In the humble opinion of Phespirit, this Earth has three great mountains whose shapes and forms are so distinctive as to make them immediately recognisable to anyone with a semi-educated awareness of the world around them. The three mountains are:

  1. Table Mountain in South Africa - flat-topped, often covered with a pristine cloth of white clouds;
  2. Mount Fuji in Japan - perfectly conical, often seen posing behind a Shinkansen bullet train blur;
  3. The Matterhorn in Switzerland - a rugged pyramid, often an idyllic backdrop for Alpine hiking trails.

Phespirit went to Zermatt to see the glorious Matterhorn. And to hike.

Zermatt nestles at the southern end of the valley which terminates at the Matterhorn on the Swiss-Italian border.

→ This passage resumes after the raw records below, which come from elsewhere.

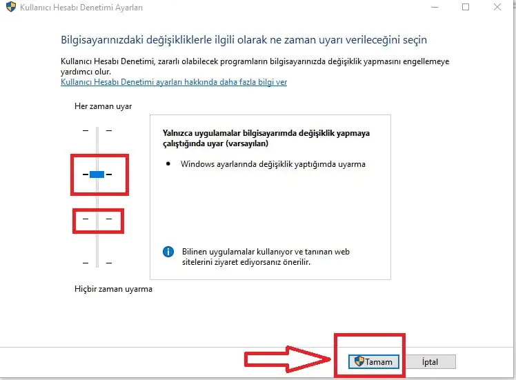- Açılan pencerede, sol tarafta bulunan ayar çubuğundan, Windwos‘ta yapacağımız değişikliklerde, sistemin bizi uyarmasını istediğmiz seviyeyi ayarladıktan sonra ‘Tamam’ butonuna tıklıyoruz.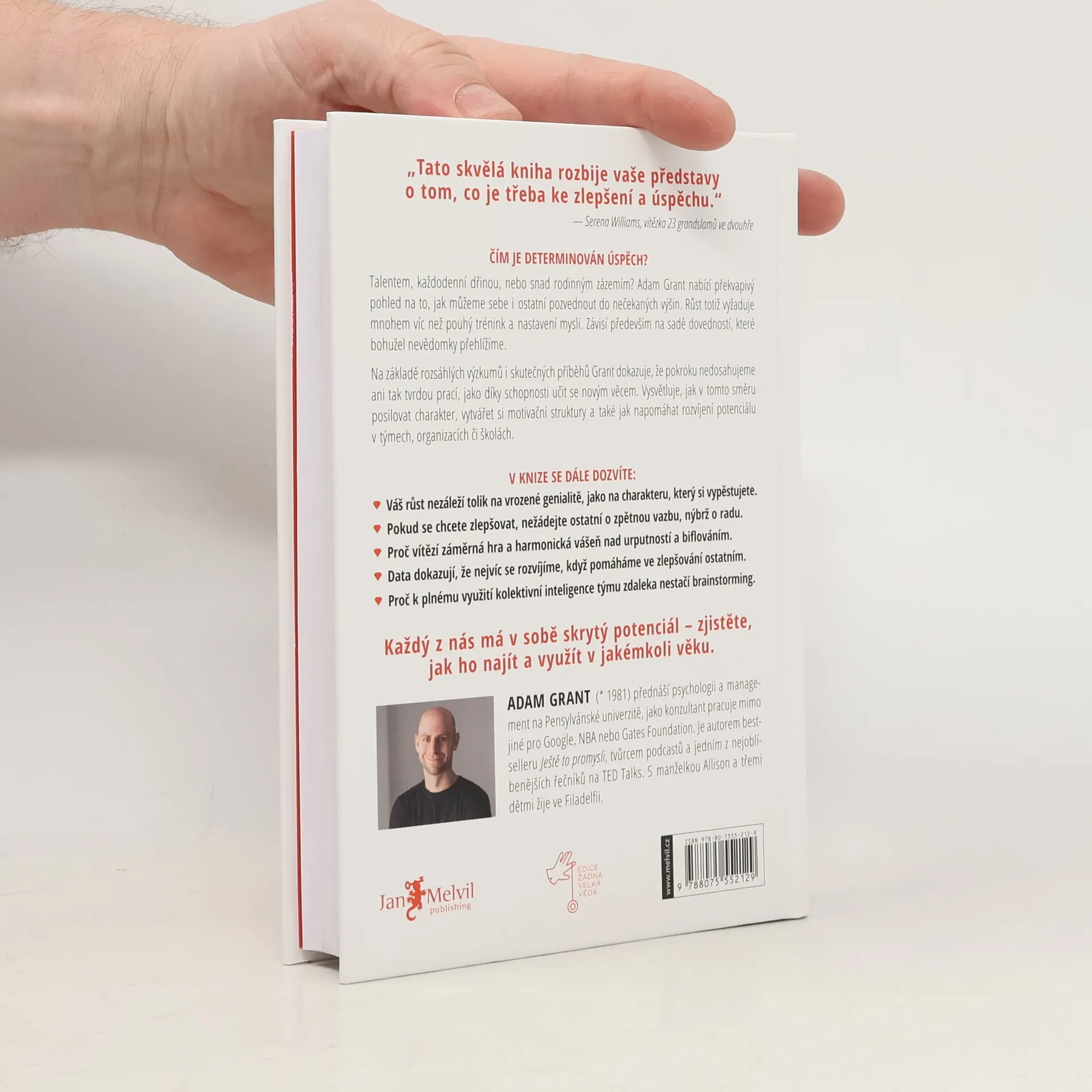 Čím myslíte, že je determinován úspěch? Je to talent, tvrdá dřina či snad dobré rodinné zázemí? Autor bestselleru Ještě to promysli vám ve své novince představí novou perspektivu toho, jak můžeme sebe i ostatní pozvednout do nečekaných výšin. Žijeme ve světě, který je posedlý talenty. Oslavujeme nadané studenty ve škole, ve sportu, zázračné děti v hudbě. Toto obdivování vrozených výhod nás ale vede k přehlížení vlastního potenciálu, podceňování rozsahu dovedností, jež se můžeme během života naučit, a cílů, kterých můžeme dosáhnout. A to může být chyba! Každý v sobě máme více potenciálu ke zlepšení, než co si myslíme. A vůbec nevadí, když u nás příležitost zrovna neklepe. Vždy existují způsoby, jak jí postavit dveře.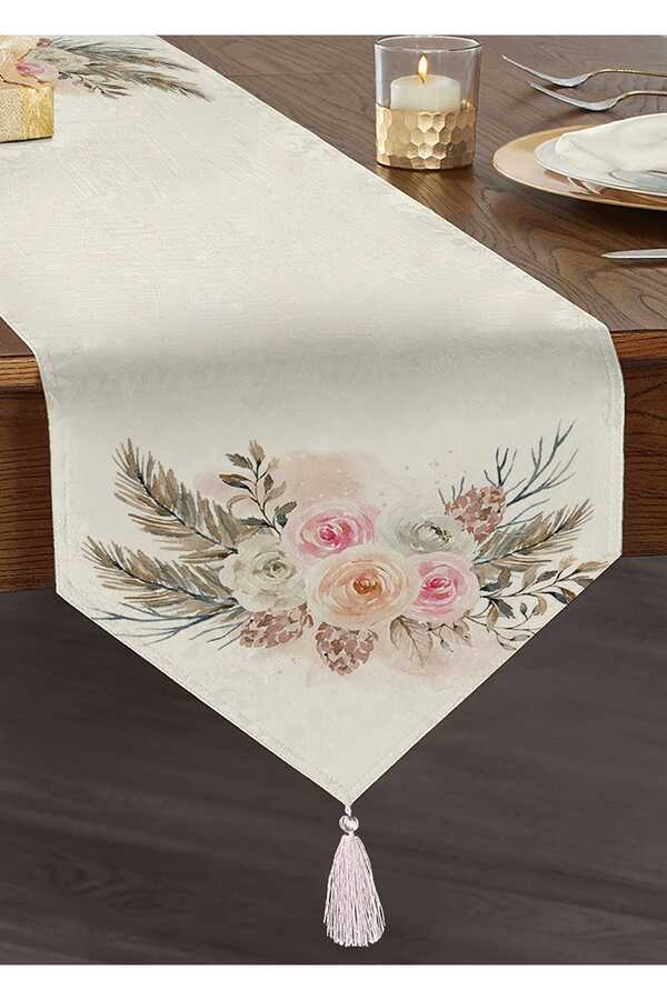 Digital Printed Tasseled Chenille Triangle Runner With Branch And Flower Patterns, add a completely different atmosphere to your table with specially designed triangle runners. It is specially designed with stain-proof fabric feature and digital printing. Product size: 140 x 45 cmFabric: Stain-proof chenille fabric with shiny fiber feature and soft texturePrint: Vivid and realistic 3d digital printing does not fade due to washing and use. Special detail: There are tassels on the end corners and the edges are straight stitched. The runners produced with our brand are produced using the latest technology in our BSCI certified facilities with 3d digital printing technology. The yarn, dye and raw materials used in the production have the Oeko-Tex® standard 100 certificate. T

It is a small village, free of all but electric cars, yet with sufficiently well developed tourism to no longer be considered quaint. The Matterhorn is not visible from the approach to Zermatt but it dominates the skyline from all points in the village itself and from most of the surrounding peaks and trails.

Phespirit whiled away more or less all his time out on the hiking trails. There really is nothing else to do, and neither should there be. The walking options are simplified by the extensive (and expensive) network of cable cars and mountain railways which can be used to bypass the more gruelling uphill climbs.

For hiking reports, see Going for a walk around Zermatt - Lines I, III and V & Lines II, IV and VI

By lucky hap, Phespirit's time in Switzerland coincided perfectly with a window of clear weather in which temperatures soared to unseasonable highs of 23-26°C on a daily basis. Clear skies equals spectacular mountain views all around. This is best witnessed from the summit of the Klein Matterhorn, reachable by means of two cable cars and a gondola. At 3883m, it is the highest lift station in Europe. Mont Blanc is visible over forty miles away to the west, the Jungfrau is way off to the north, and the mighty Matterhorn, more modest in the context of its peers, is a local sentinel in this churning ocean of 4000m+ peaks.

The Matterhorn is omnipresent, subtly shifting and changing with the viewer's vantage point. To the Klein Matterhorn it presents a flat, stepped summit-among-summits. To Stafelalp it presents a tapering, bitten north face. To Sunnegga it presents the classic pyramidal icon of a million pictures. To all it presents an ageless, raw, magnetic beauty.

To Phespirit it was every inch the great mountain he had hoped to find.